このようなことがいえるのは、BSCの各視点の階層間に

論理的な関係が成り立っているからです。


 

財務の視点と顧客の視点の関係

 財務的な成果を得るためには、顧客が自社の商品/サー

 ビスを購入していただく必要がある。そのためには、

 顧客の期待を理解し、その期待に応える必要がある。

 

 

顧客の視点と内部プロセスの視点の関係

 顧客の期待に応えるためには、それを実現する業務

 体制が必要となる。短納期が期待である場合、短納期

 というのが具体的に何日(何時間)なのかを明らかに

 した上で、それを実現する社内体制を整備しなければ

 顧客の期待に応えられない。

 

 顧客の期待に応える業務体制を築くことで、財務的

 成果が実現できる(経営者の読みどおりであれば、という

 条件付きですが・・・)という関係にあります。

 

 

内部プロセスと成長と学習の視点の関係

 優れた業務方法、プロセス、設備などがあれば、必ず

 顧客の期待に応えられるかというと、そうとは限りません。

 優れた情報システムが整備されても、それを使えなければ

 効果を引き出すことはできません。
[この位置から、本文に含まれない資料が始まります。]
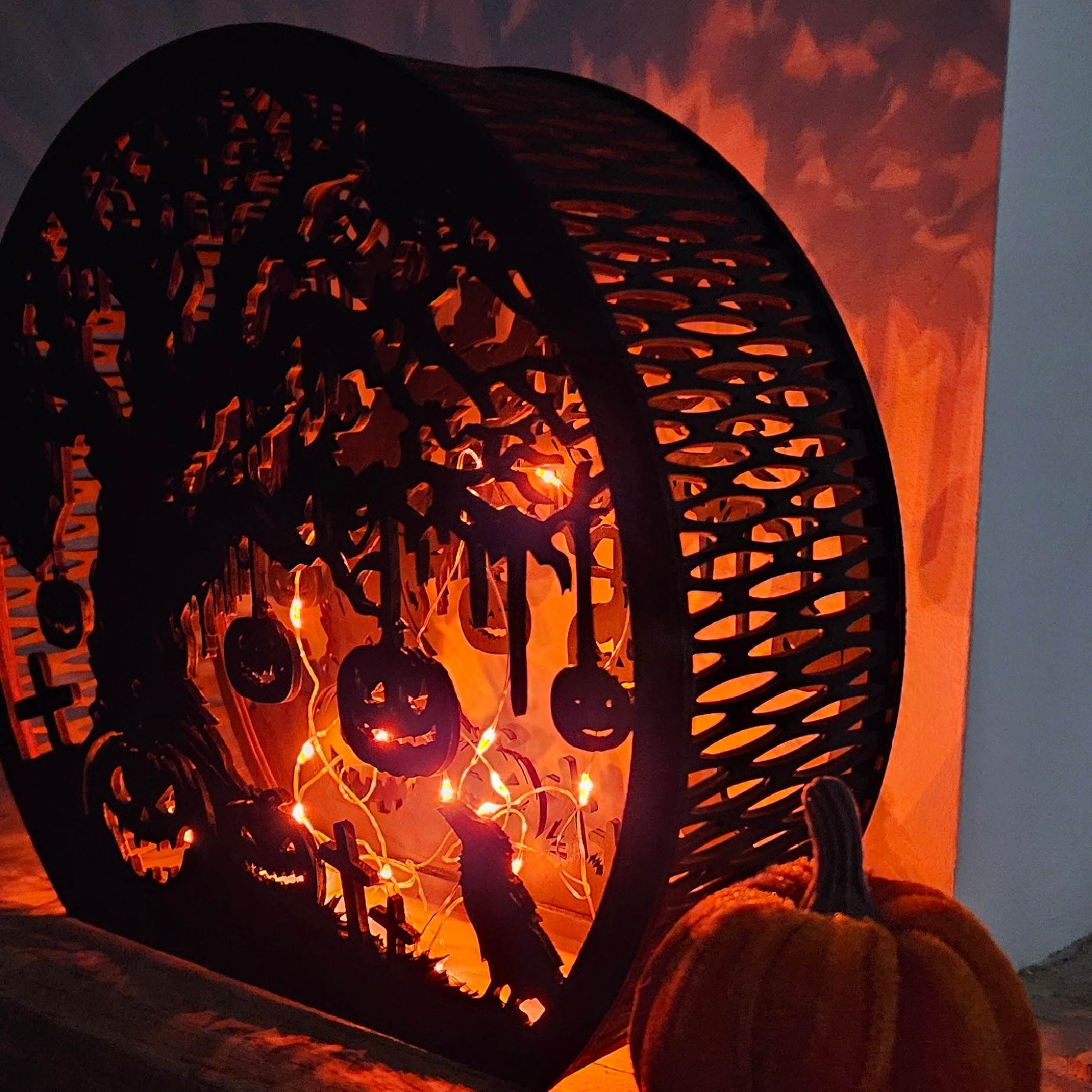 Illuminez vos soirées d’automne avec cette superbe lanterne d’Halloween ronde en bois 🎃.

それを使いこなし、

 期待する成果を引き出すためには、それを使う人材の

 スキル向上や、スキル向上へのモチベー ションを高める

 ような仕組みなどが必要です。


 このような内部プロセスを機能させ、顧客の期待に応える

 ようにするためには、人のスキルやモチベーションといった

 ような前提となる環境整備が必要です。



このように、財務の視点 - 顧客の視点 - 内部プロセスの

視点 ― 学習と成長の視点 には、論理的な関係性があります。

このため、各視点の経営課題は、互いに上記のような関連性を

持っており、その関連を矢印で表現することが可能です。

その矢印の状況を見て、経営課題の漏れのチェックを行います。

  

 

【漏れのチェックポイント】

 

この矢印が繋がらない場合は、その課題そのものの有用性を

見直す必要があります。

 

繋がるけど話が遠いなあという場合には、その間に重要な課題が

漏れている可能性があります。


財務の視点から繋がりをおっていった場合に、尻切れトンボに

なる場合は、実現策としての経営課題の洗い出しが、不十分な

可能性があります。




最後に、注意事項として


多くの物事は、すべて繋がっているといえば、繋がっているものです。

上記のような検討をしていると、考えすぎて、あれもこれも線をつないで

しまい、何が何か分からなくなってしまっている人も見かけます。


各経営課題を実現するために必要なことというのは、重要なものから

そうでないものまで、様々なものが考えられます。その中から

重要性が高いものを見極めることが必要です。